セクハラ「禁止」 国際条約制定へ 日本は態度保留

 【ジュネーブ=共同】国際労働機関(ILO)の委員会は二日、職場でのセクハラや暴力をなくすための国際基準の枠組みについて、拘束力を持つ条約を制定する方針を決めた。社会規範の異なる各国の事情に合わせるため、勧告を作成し条約を補完する。会議筋が明らかにした。 

 世界各地で性被害を告発する「#MeToo」(「私も」の意)運動が広がる中、セクハラを含めたハラスメント対策は初の国際基準制定へ一歩前進することになった。
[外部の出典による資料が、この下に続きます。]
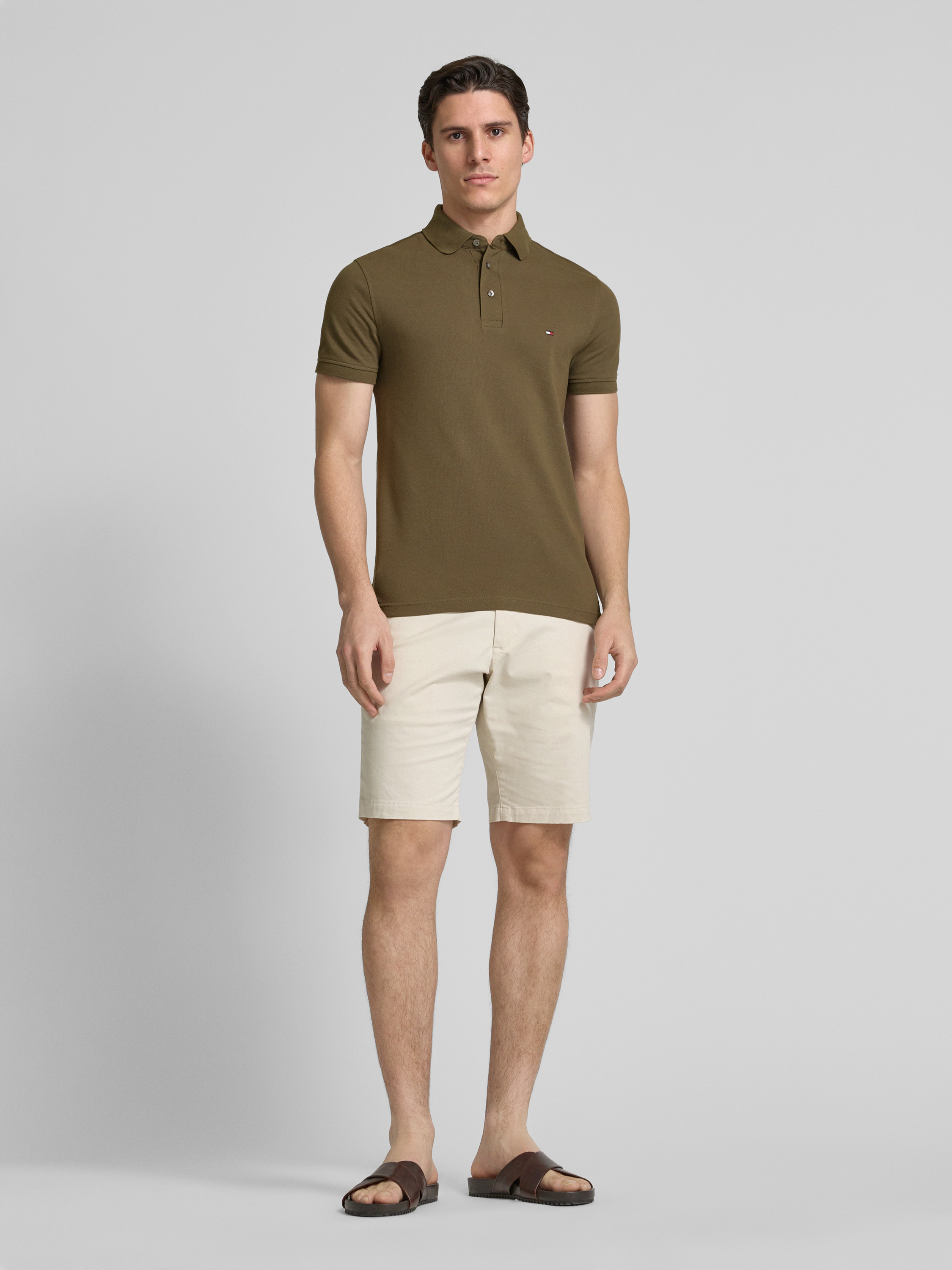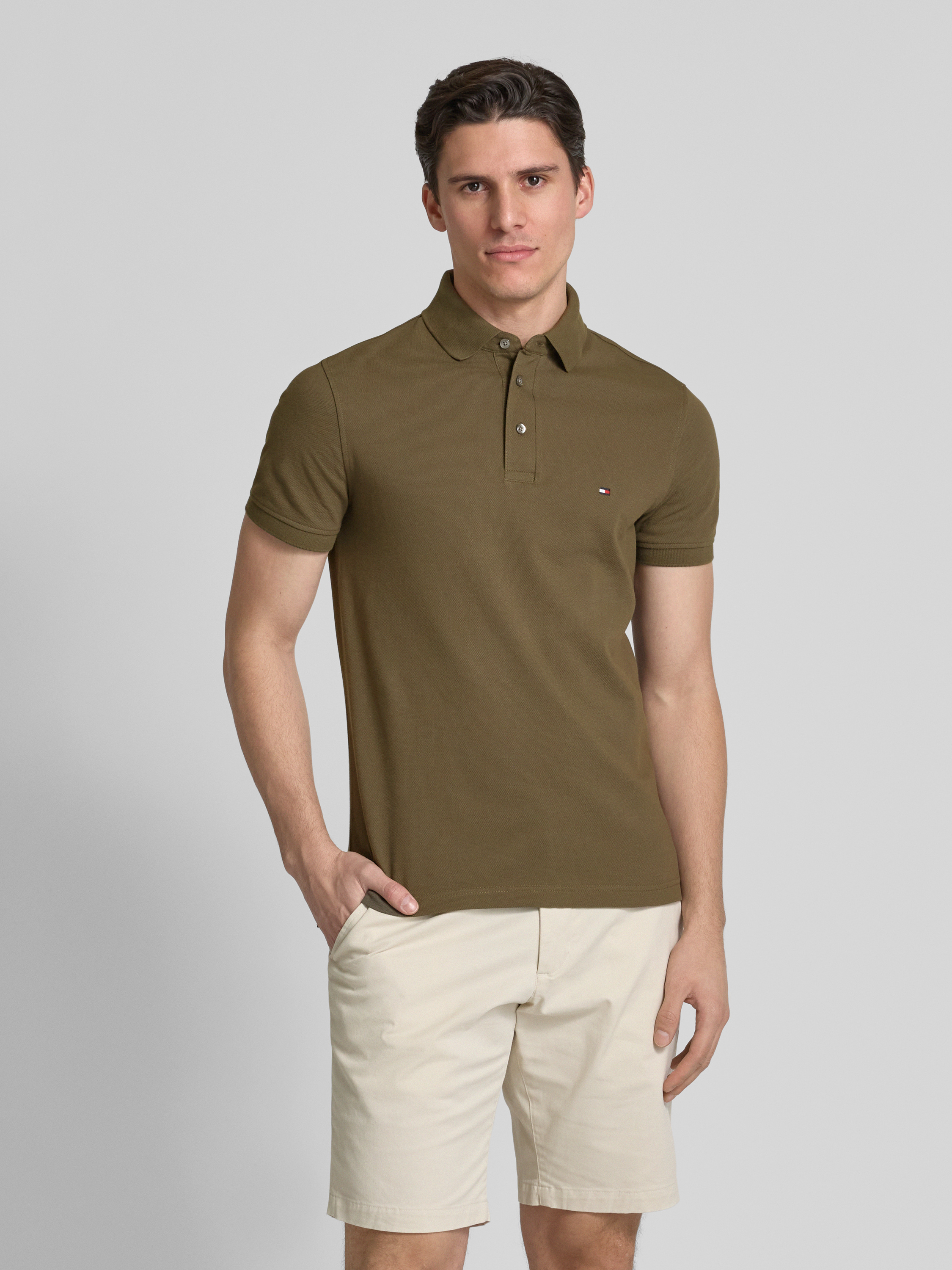 Slim fit poloshirt met logostitching, model '1985' in olijfgroen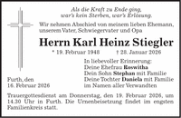 Als die Kraft zu Ende ging, war's kein Sterben, war's Erlösung. Wir nehmen Abschied von meinem lieben Ehemann, unserem Vater, Schwiegervater und Opa Herrn Karl Heinz Stiegler * 19. Februar 1948 + 28. Januar 2026 In liebevoller Erinnerung: Deine Ehefrau Roswitha Dein Sohn Stephan mit Familie Deine Tochter Daniela mit Familie im Namen aller Verwandten Trauergottesdienst am Donnerstag, den 19. Februar 2026, um 14.30 Uhr in Furth. Die Urnenbeisetzung findet im engsten Familienkreis statt.Furth, den 16. Februar 2026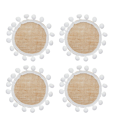 KitchenCraft Natural Elements Hessian Drink Coasters Set , 4 Pack of Woven Jute Mats with Pom Pom Decorations, 15cm NECTHESPK4 medium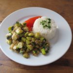 3. Faire chauffer l’huile d’olive dans une poêle. Y faire sauter les courgettes et l’oignon environ 15 minutes.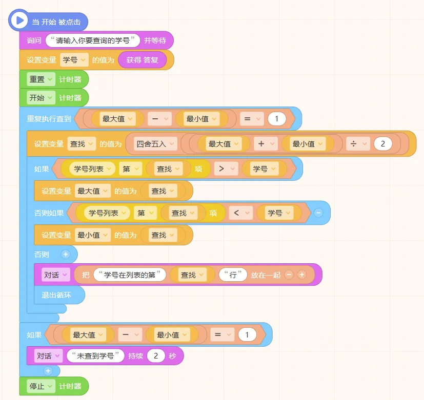 对话:把“学号在列表的第”、“查找”、“行”放在一起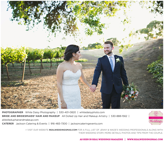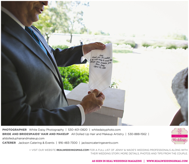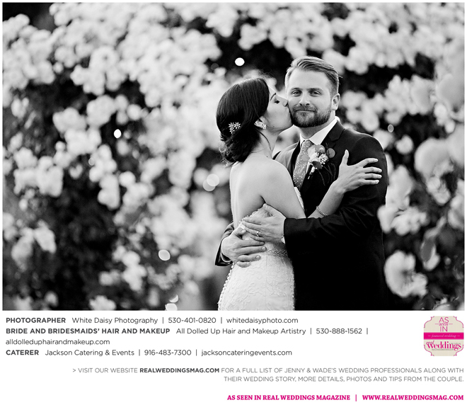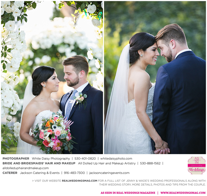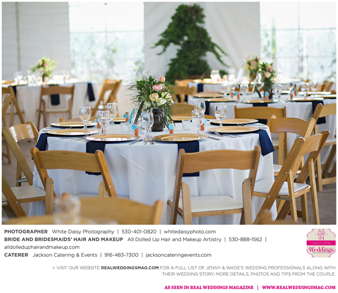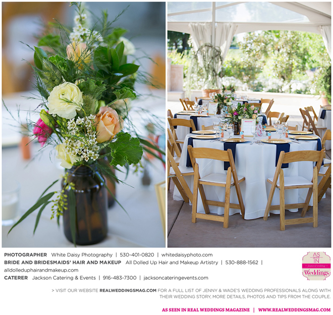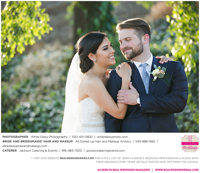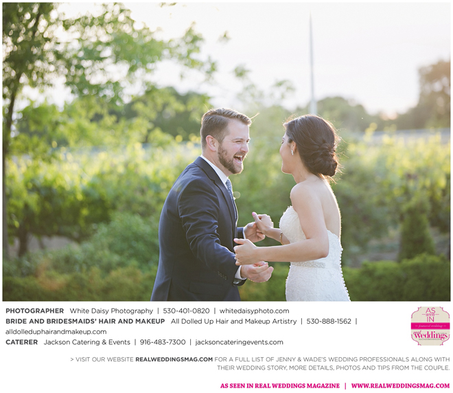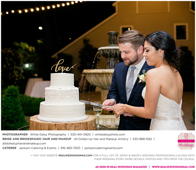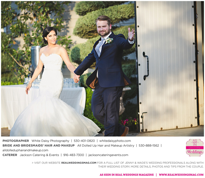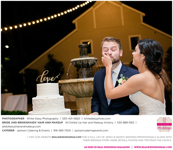 Jenny says her most vivid memory was standing at the ceremony, holding hands with Wade. “We would take turns squeezing the other’s hand when there was something funny or meaningful being said. It was one of the more peaceful moments of the day since we weren’t posing, dancing or making the rounds. It was really just the two of us in a little bubble.”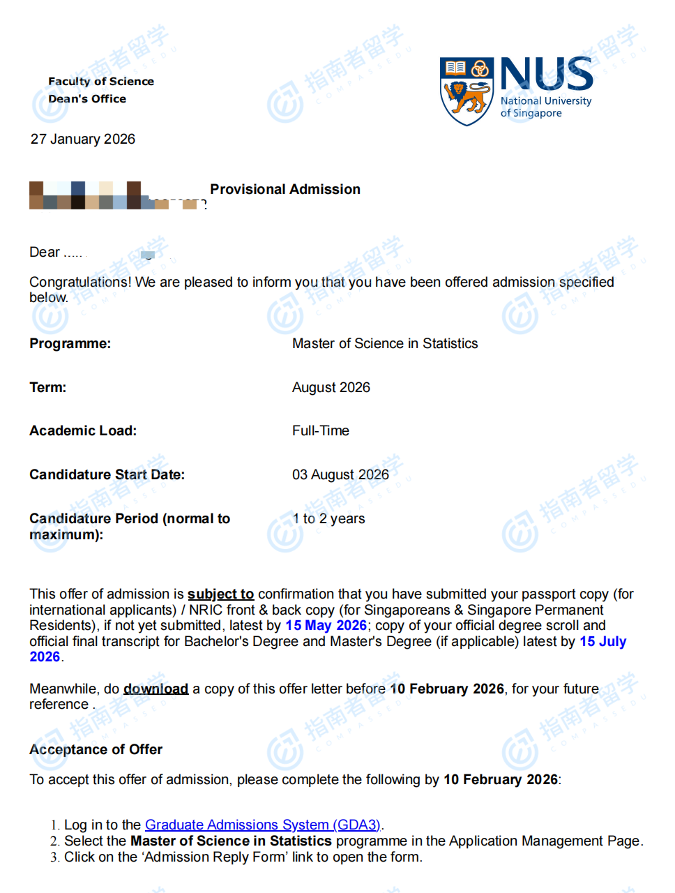 新加坡國立大學統(tǒng)計學理學碩士研究生offer一枚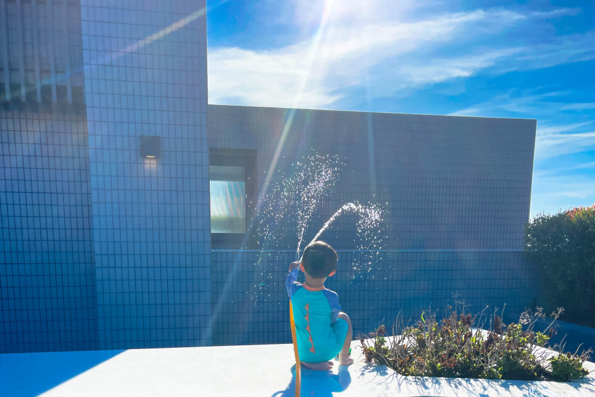 很多上班的爸爸們都不知道全職媽媽的辛苦,你看一天的行程,從早上起床後就要開始想說要跟湯包玩什麼,有時假日好天氣我們一早就會讓他去頂樓玩水,因為他很迷消防車滅火的情節...
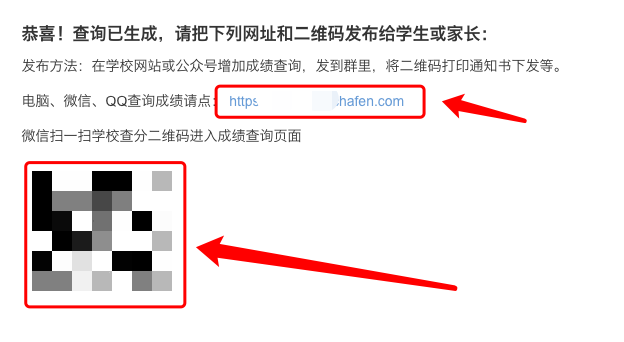 点击提交后,就会生成查询,我们可以将登陆易查分后首页上的二维码或者查询链接发给家长,也可以放到学校网站、公众号上。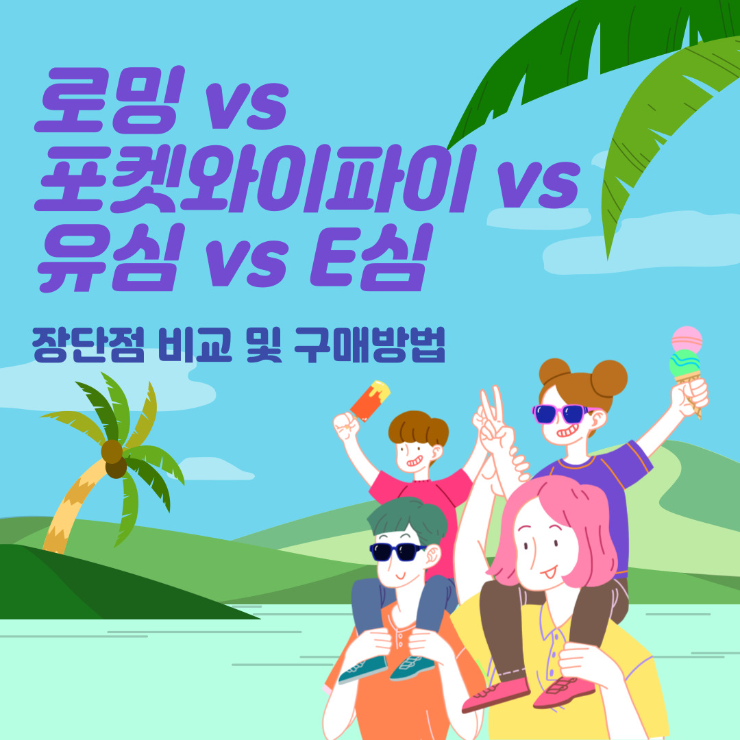 해외여행 준비물 중 항상 고민되는 것, 해외여행에서 데이터 사용에 관한 포켓 와이파이를 할지, 유심을 구매할지, E 심을 구매할지이다. 이럴 때 필요한 건 나에게 필요한 것은 어떤 것인지 비교해 보고 적당한 것으로 선택하는 것이 중요하다. 해외 데이터 사용은 크게 로밍, 와이파이, 유심으로 구분된다.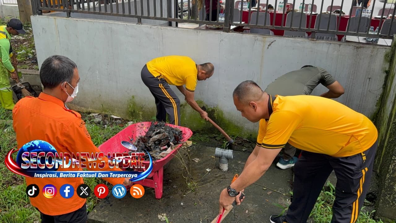 Dengan semangat kebersamaan, para peserta membersihkan area alun-alun, saluran air, serta lingkungan sekitar dari sampah dan material yang berpotensi mengganggu kebersihan maupun kesehatan masyarakat.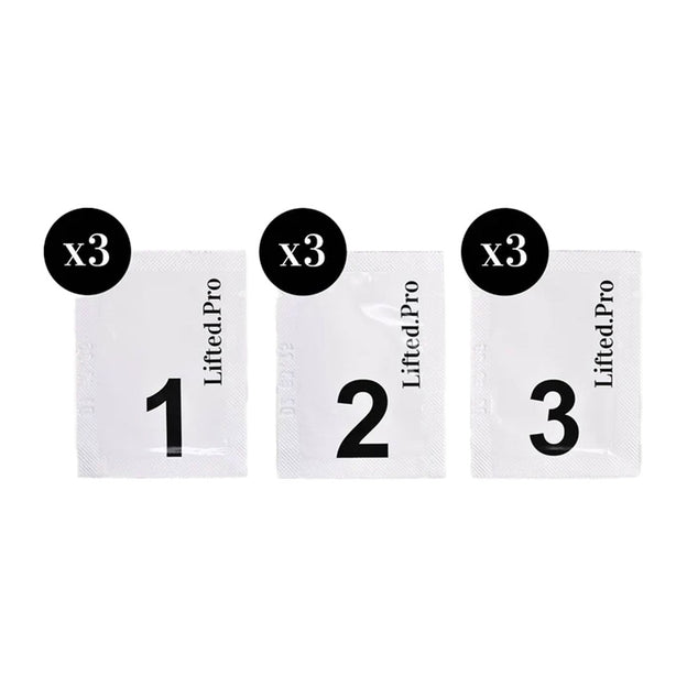 This pack contains 3 sachets of each step 1, 2 and 3 of Lifted. Pro. Each sachet can be used for up to 3 treatments (9 treatments per pack).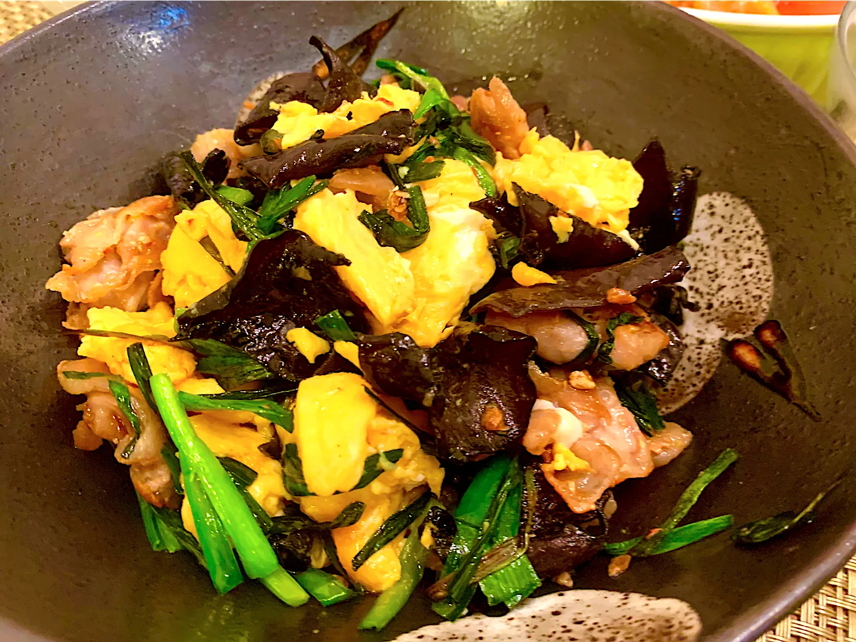 卵は鶏がらスープで味付けしてからまだトロトロな程度に火を通して別皿に取っておき、豚バラ・キクラゲ・ニラを炒めて食べる直前にふんわりと合わせました✨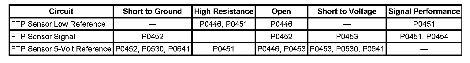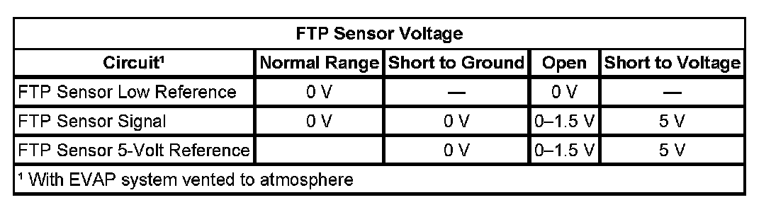 The fuel tank pressure (FTP) sensor measures air pressure or vacuum in the evaporative emission (EVAP) system. The control module supplies a 5-Volt reference and a low reference circuit to the FTP sensor. The FTP sensor signal voltage varies depending on EVAP system pressure or vacuum. The controller also uses this FTP signal to determine atmospheric pressure for use in the engine-off small leak test, DTC P0442. Before using this signal as an atmospheric reference it must first be re-zeroed.
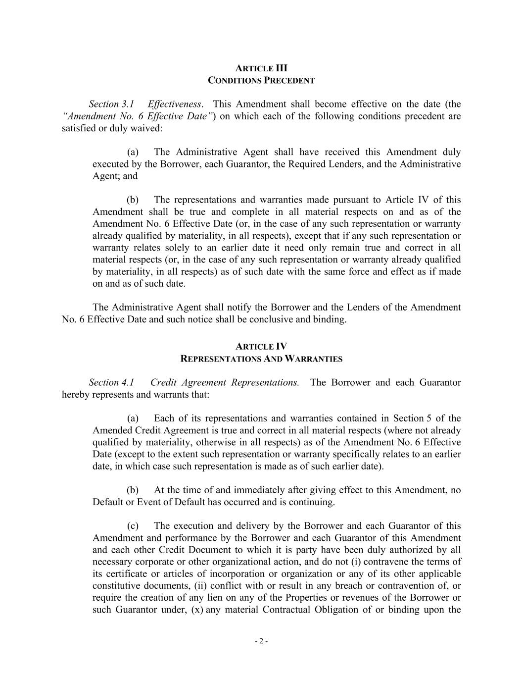 - 2 - ARTICLE III CONDITIONS PRECEDENT Section 3.1 Effectiveness. This Amendment shall become effective on the date (the “Amendment No. 6 Effective Date”) on which each of the following conditions precedent are satisfied or duly waived: (a) The Administrative Agent shall have received this Amendment duly executed by the Borrower, each Guarantor, the Required Lenders, and the Administrative Agent; and (b) The representations and warranties made pursuant to Article IV of this Amendment shall be true and complete in all material respects on and as of the Amendment No. 6 Effective Date (or, in the case of any such representation or warranty already qualified by materiality, in all respects), except that if any such representation or warranty relates solely to an earlier date it need only remain true and correct in all material respects (or, in the case of any such representation or warranty already qualified by materiality, in all respects) as of such date with the same force and effect as if made on and as of such date. The Administrative Agent shall notify the Borrower and the Lenders of the Amendment No. 6 Effective Date and such notice shall be conclusive and binding. ARTICLE IV REPRESENTATIONS AND WARRANTIES Section 4.1 Credit Agreement Representations. The Borrower and each Guarantor hereby represents and warrants that: (a) Each of its representations and warranties contained in Section 5 of the Amended Credit Agreement is true and correct in all material respects (where not already qualified by materiality, otherwise in all respects) as of the Amendment No. 6 Effective Date (except to the extent such representation or warranty specifically relates to an earlier date, in which case such representation is made as of such earlier date). (b) At the time of and immediately after giving effect to this Amendment, no Default or Event of Default has occurred and is continuing. (c) The execution and delivery by the Borrower and each Guarantor of this Amendment and performance by the Borrower and each Guarantor of this Amendment and each other Credit Document to which it is party have been duly authorized by all necessary corporate or other organizational action, and do not (i) contravene the terms of its certificate or articles of incorporation or organization or any of its other applicable constitutive documents, (ii) conflict with or result in any breach or contravention of, or require the creation of any lien on any of the Properties or revenues of the Borrower or such Guarantor under, (x) any material Contractual Obligation of or binding upon the

 会議筋によると、委員会の議論では、欧州連合(EU)各国や中国、中南米、アフリカ諸国などが条約制定に賛成。米国、ロシアなどは勧告にとどめるべきだと反対し、日本は「条約にするとしても多くの国が批准できるよう柔軟な内容とすべきだ」と態度を保留した。ハラスメントの定義などをきちんと議論する必要があるとしている。

 ILOはジュネーブで八日まで開かれている年次総会で委員会の報告を承認予定。条約や勧告の内容はその後詰めるが、条約と勧告の双方で国際基準の枠組みとすることは変わらない。来年の年次総会での条約制定を目指す。条約を批准するかどうかは各国が判断する。

 五月二十八日に始まった委員会には各国の政府・労働者・使用者代表が参加し、ILOがまとめた国際基準案を基に議論を進めてきた。当初、枠組みを先に決める予定だったが、議論が紛糾したため後回しにしていた。

 国際基準案は職場でのあらゆる形の暴力とハラスメントの禁止を目指すもので、ハラスメントの定義や、対象となる労働者や行為者の範囲、防止措置なども盛り込んだ。